Scenario A: A 40-year-old male call-centre team leader has had hoarseness for three months. He speaks continuously for 10–12 hours daily. There is no smoking history. On IDL, bilateral small whitish nodular thickenings are seen at the junction of the anterior one-third and posterior two-thirds of both vocal cords. Cord movement is normal and symmetrical.
- Diagnosis? Management?
Scenario B: A 65-year-old male presents with progressive hoarseness for eight weeks, unintentional weight loss of 5 kg over two months, and referred left otalgia. He has smoked 40 cigarettes daily for 40 years and drinks alcohol regularly. IDL shows an irregular lesion on the left vocal cord with impaired mobility.
- What is your working diagnosis? What is the immediate investigation? What staging modality is required?
Scenario C: A 48-year-old female who underwent total thyroidectomy for thyroid carcinoma six months ago presents with a weak, breathy voice and aspiration of liquids. On FFNL, the left vocal cord is fixed in the paramedian position.
- Diagnosis? What would you offer if the palsy persists beyond 12 months?
Key points for self-check:
- Name the single muscle that abducts the vocal cords and its nerve supply.
- State the anatomical reason the left RLN is more susceptible to mediastinal disease than the right RLN.
- At what duration of hoarseness does laryngoscopy become mandatory, and why?

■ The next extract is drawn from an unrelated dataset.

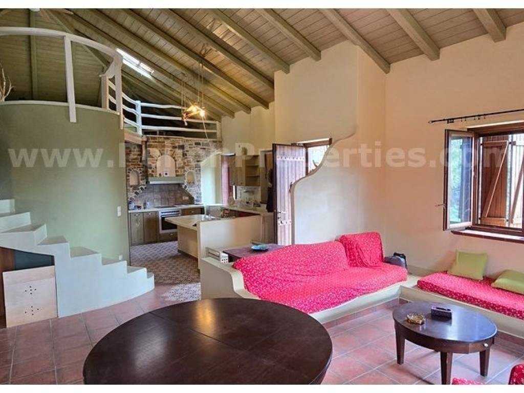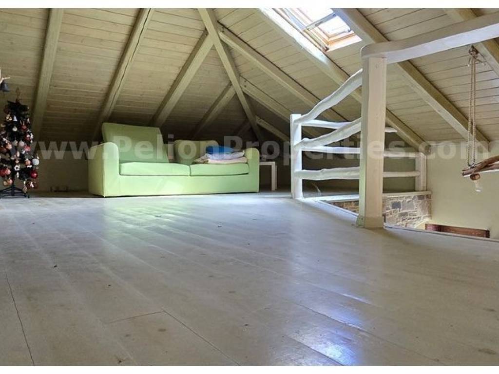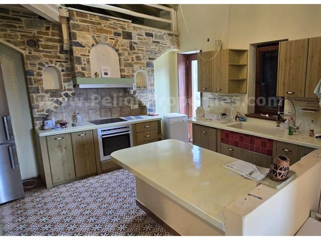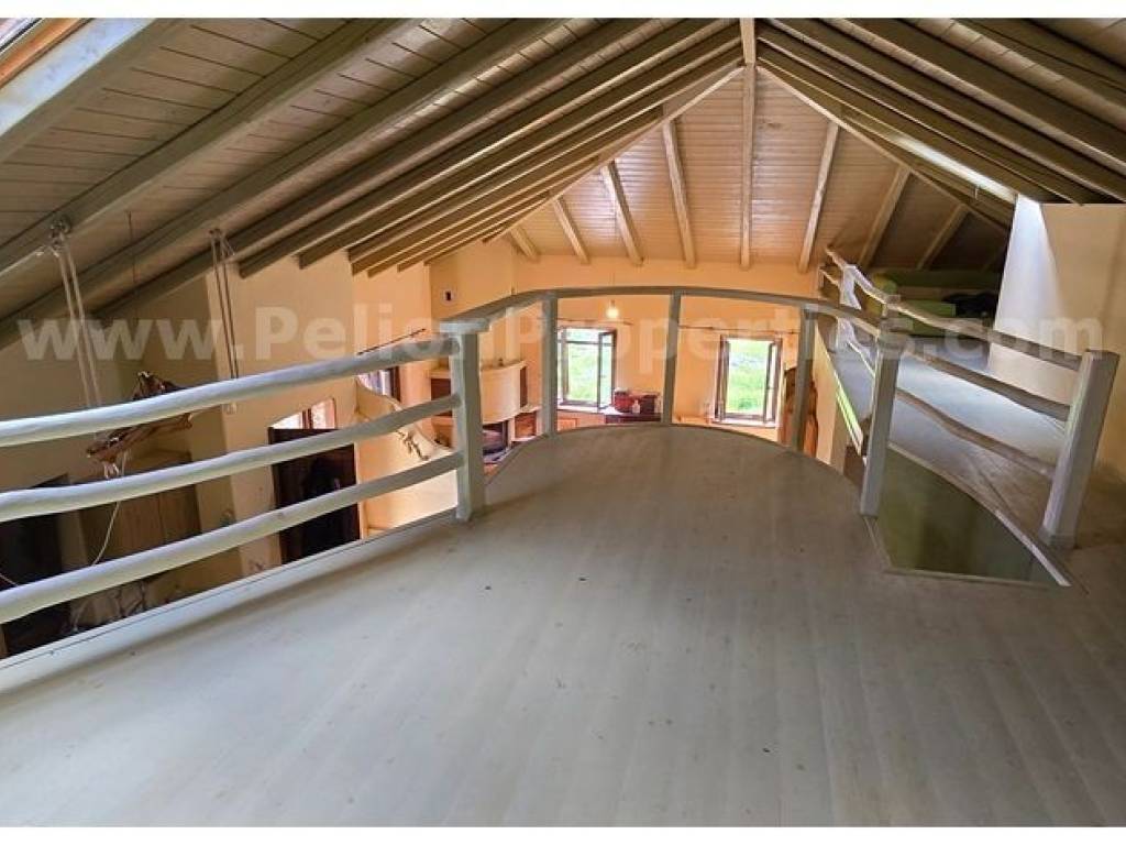 At the foothills of Pelion, Kato Lechonia blends the calm of a traditional village with easy access to the sea and the city of Volos. Surrounded by greenery and just minutes from the Pagasetic Gulf, the area offers a lifestyle where mountain charm meets coastal ease—without trying too hard. Within this setting, this unique single-level residence of 150 sq.m. unfolds on a generous 3,000 sq.m. plot, featuring an impressive internal loft of 64 sq.m. The home offers three comfortable bedrooms, one of which includes a walk-in closet, along with a bathroom, WC, pantry, and boiler room. Wood is the undeniable star here—dominating both interior and exterior—with standout elements such as a circular wooden staircase, a welcoming entrance gate, and a beautifully crafted loft. Built-in features like sofas, kitchen benches, and bathrooms follow distinctive, artistic lines, while decorative tiles throughout the house bring subtle references to Gaudí-inspired design. The bathrooms, in particular, stand out for their unique aesthetic. Heating is provided via underfloor system powered by the fireplace, with additional provisions for solar panels or a heat pump—because even character-filled homes can be energy-conscious. The property is sold furnished and equipped, ready to welcome its next owner without missing a beat. Nearby, you’ll find easy access to the beaches of the Pagasetic Gulf, while the scenic villages of Pelion and the vibrant city of Volos are just a short drive away. Ground-floor house of 150 sq.m. with 64 sq.m. loft on a 3,000 sq.m. plot in Kato Lechonia, featuring 3 bedrooms, unique architectural details, underfloor heating, and sold furnished.

- Distinguish glottic from supraglottic carcinoma in terms of presenting symptom, lymphatic spread, and prognosis.
- What is the first-line treatment for T1 glottic carcinoma in India?
Answers for self-check:
- Posterior cricoarytenoid (PCA) muscle; recurrent laryngeal nerve.
- Left RLN loops under the aortic arch (intrathoracic course), making it vulnerable to mediastinal pathology; right RLN loops under the subclavian artery at the thoracic inlet.
- Greater than three weeks — because glottic carcinoma must be excluded, and early diagnosis markedly improves survival.
- Glottic: earliest symptom is hoarseness (good lymphatics absent), excellent prognosis; supraglottic: late hoarseness, early bilateral cervical lymphadenopathy (rich lymphatics), worse prognosis.
- Primary radiotherapy — provides equal disease control to surgery with better voice preservation.